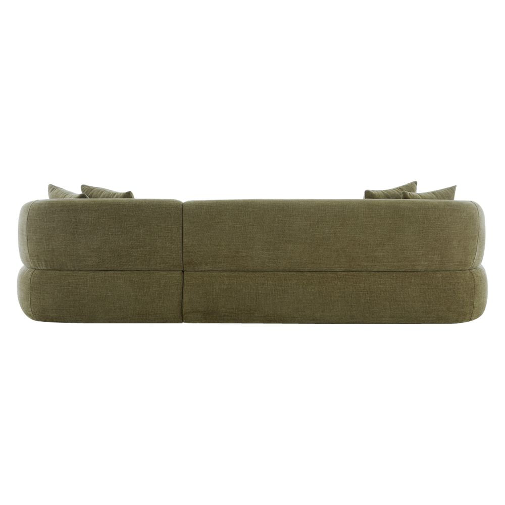 Experience the perfect blend of comfort and style with this 3 seater sofa. Upholstered in luxurious sage chenille, its soft, inviting texture offers a perfect balance of elegance and relaxation. The deep-seated design and generously padded cushions provide superior comfort, while the sculptural curved silhouette adds a refined yet relaxed aesthetic. A spacious right chaise invites you to stretch out effortlessly, making it ideal for lounging or entertaining. Accompanied by four matching scatter cushions, this sofa delivers both style and support for a cohesive, polished look. Built for durability and style, this sofa is both functional and aesthetically pleasing, making it an ideal centrepiece for your home. Available in three luxury colours and sold separately as part of a range, allowing you to curate a beautifully coordinated interior.
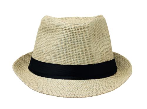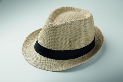 Paper straw hat with black polyester band. For unprinted orders the band will be supplied unattached to the items.
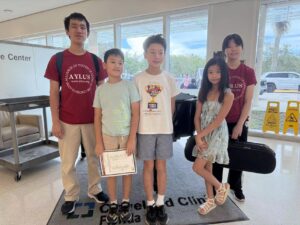On Tuesday 09/23/25, members of the Plantation Branch of AYLUS traveled to Cleveland Clinic Florida to perform music once again for patients and visitors at the hospital. After a great deal of rehearsal, members traveled to the hospital to play piano and violin for an hour.
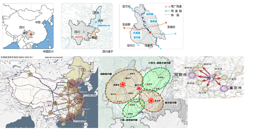 “生態山水城”:作為“現代生態田園城市”在遂寧整體行政區劃范圍的發展引尋及生態建設挃引 “現代花園城”:作為田園城市內涵承接不中心城區的具體體現。通過城市結極開放性、擁渥収展這樣一種収展方式,使 城市組團鑲嵌在一個花園內
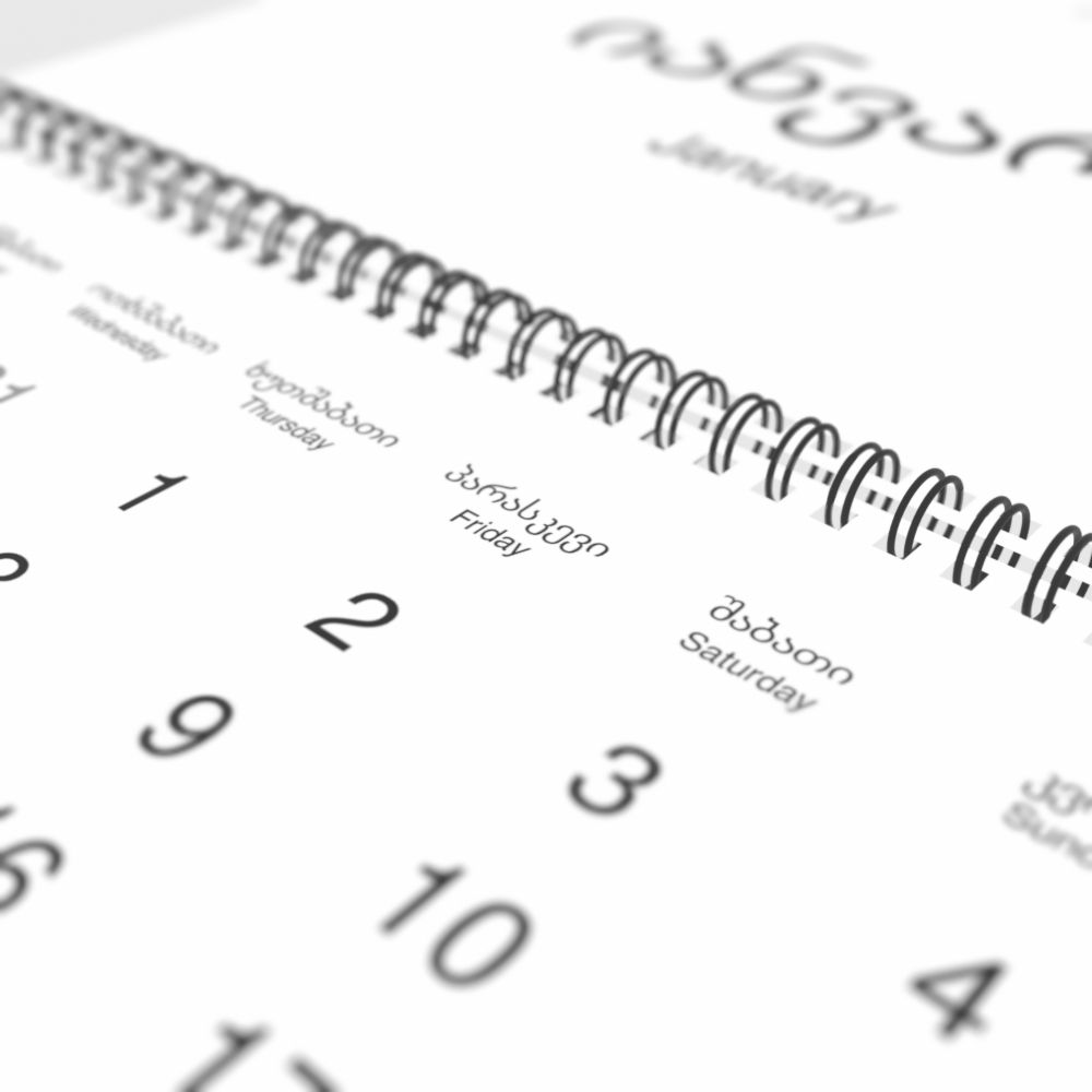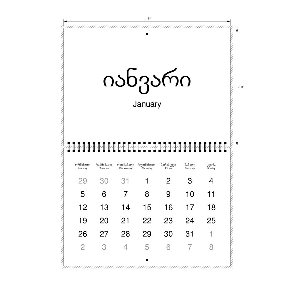 2026 Wall CalendarGeorgian/English-Labeled, Monday-Start Layout, Wire-Bound, 11.7 x 8.3 in (29.7 x 21.0 cm)
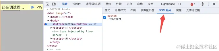 如何找到代码来源呢?鼠标右键在按钮标签上,可以在菜单的“发生中断条件”下找到“DOM断点触发条件”:
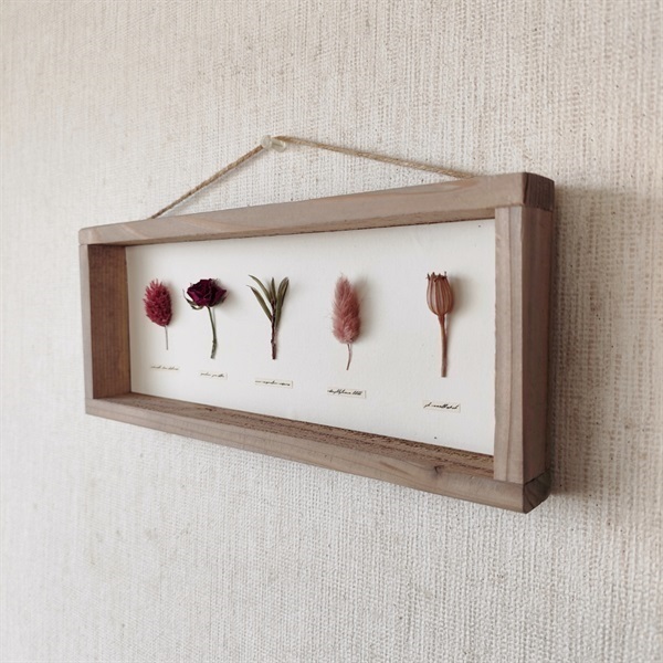 制作においては、植物本来の風合いや、時の経過とともに変化していく表情を大切にしています。自然の立体感と温かみをパネルという形に凝縮させることで、場所を選ばず日常の風景に彩りを添える作品を目指しています。
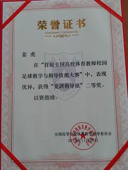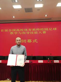 11月18日至20日,首届全国高校体育教师校园足球教学与指导技能大赛在南京大学闭幕。我部教师姜虎在近两百名参赛足球教师中脱颖而出,荣获竞训指导组二等奖。
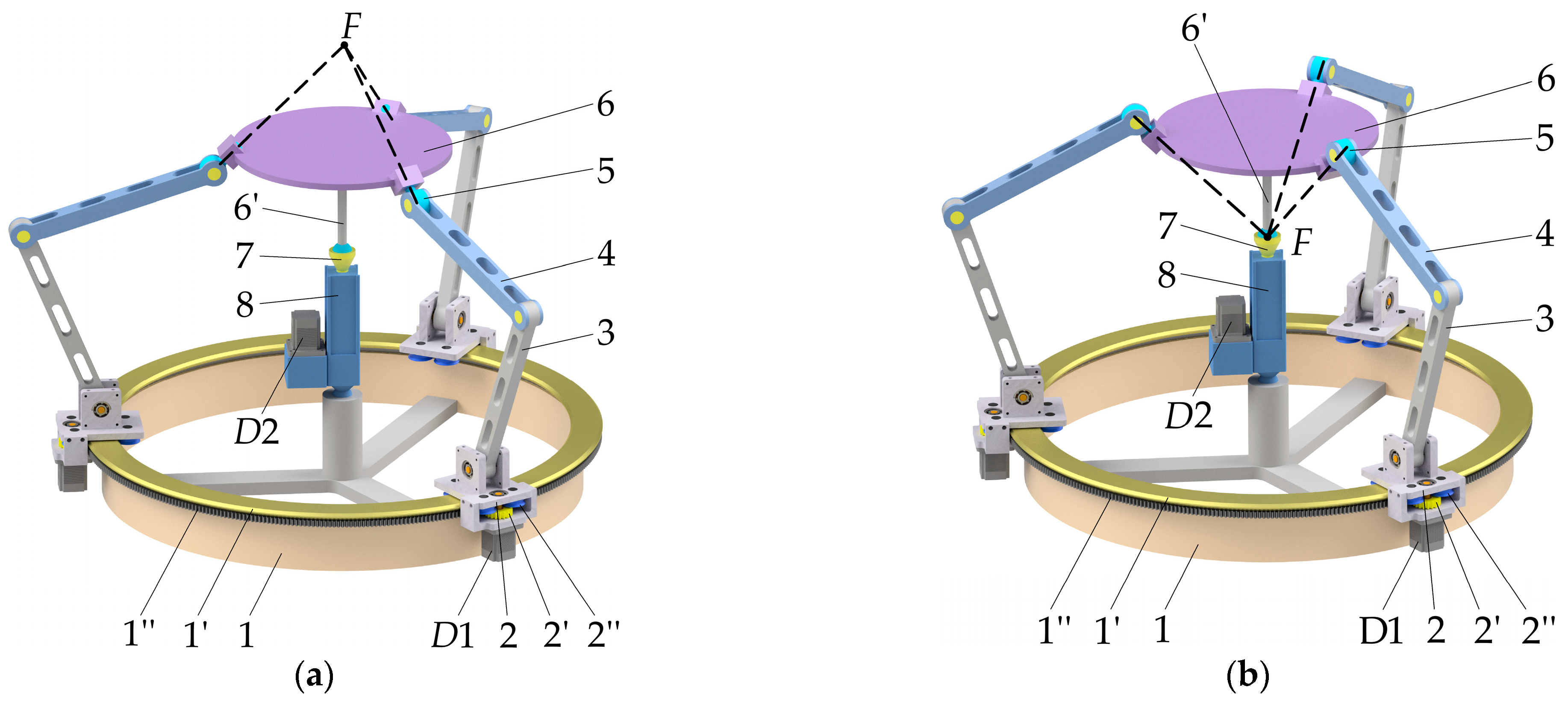 40]. The first variant requires simultaneous operation of all four drives to maintain a fixed pivot point, while the second achieves kinematic decoupling between the 3R and 1T motions. Another key design feature of these mechanisms is the circular rail, which provides the platform with an unlimited rotation around the rail axis.

==*==

The reply should repeat the listing above exactly and contain no pictures.

§ **REPLY TO THE TASK**
 Experience the perfect blend of comfort and style with this 3 seater sofa. Upholstered in luxurious sage chenille, its soft, inviting texture offers a perfect balance of elegance and relaxation. The deep-seated design and generously padded cushions provide superior comfort, while the sculptural curved silhouette adds a refined yet relaxed aesthetic. A spacious right chaise invites you to stretch out effortlessly, making it ideal for lounging or entertaining. Accompanied by four matching scatter cushions, this sofa delivers both style and support for a cohesive, polished look. Built for durability and style, this sofa is both functional and aesthetically pleasing, making it an ideal centrepiece for your home. Available in three luxury colours and sold separately as part of a range, allowing you to curate a beautifully coordinated interior.
 Paper straw hat with black polyester band. For unprinted orders the band will be supplied unattached to the items.
On Tuesday 09/23/25, members of the Plantation Branch of AYLUS traveled to Cleveland Clinic Florida to perform music once again for patients and visitors at the hospital. After a great deal of rehearsal, members traveled to the hospital to play piano and violin for an hour.
 “生態山水城”:作為“現代生態田園城市”在遂寧整體行政區劃范圍的發展引尋及生態建設挃引 “現代花園城”:作為田園城市內涵承接不中心城區的具體體現。通過城市結極開放性、擁渥収展這樣一種収展方式,使 城市組團鑲嵌在一個花園內
 2026 Wall CalendarGeorgian/English-Labeled, Monday-Start Layout, Wire-Bound, 11.7 x 8.3 in (29.7 x 21.0 cm)
 如何找到代码来源呢?鼠标右键在按钮标签上,可以在菜单的“发生中断条件”下找到“DOM断点触发条件”:
 制作においては、植物本来の風合いや、時の経過とともに変化していく表情を大切にしています。自然の立体感と温かみをパネルという形に凝縮させることで、場所を選ばず日常の風景に彩りを添える作品を目指しています。
 11月18日至20日,首届全国高校体育教师校园足球教学与指导技能大赛在南京大学闭幕。我部教师姜虎在近两百名参赛足球教师中脱颖而出,荣获竞训指导组二等奖。
 40]. The first variant requires simultaneous operation of all four drives to maintain a fixed pivot point, while the second achieves kinematic decoupling between the 3R and 1T motions. Another key design feature of these mechanisms is the circular rail, which provides the platform with an unlimited rotation around the rail axis.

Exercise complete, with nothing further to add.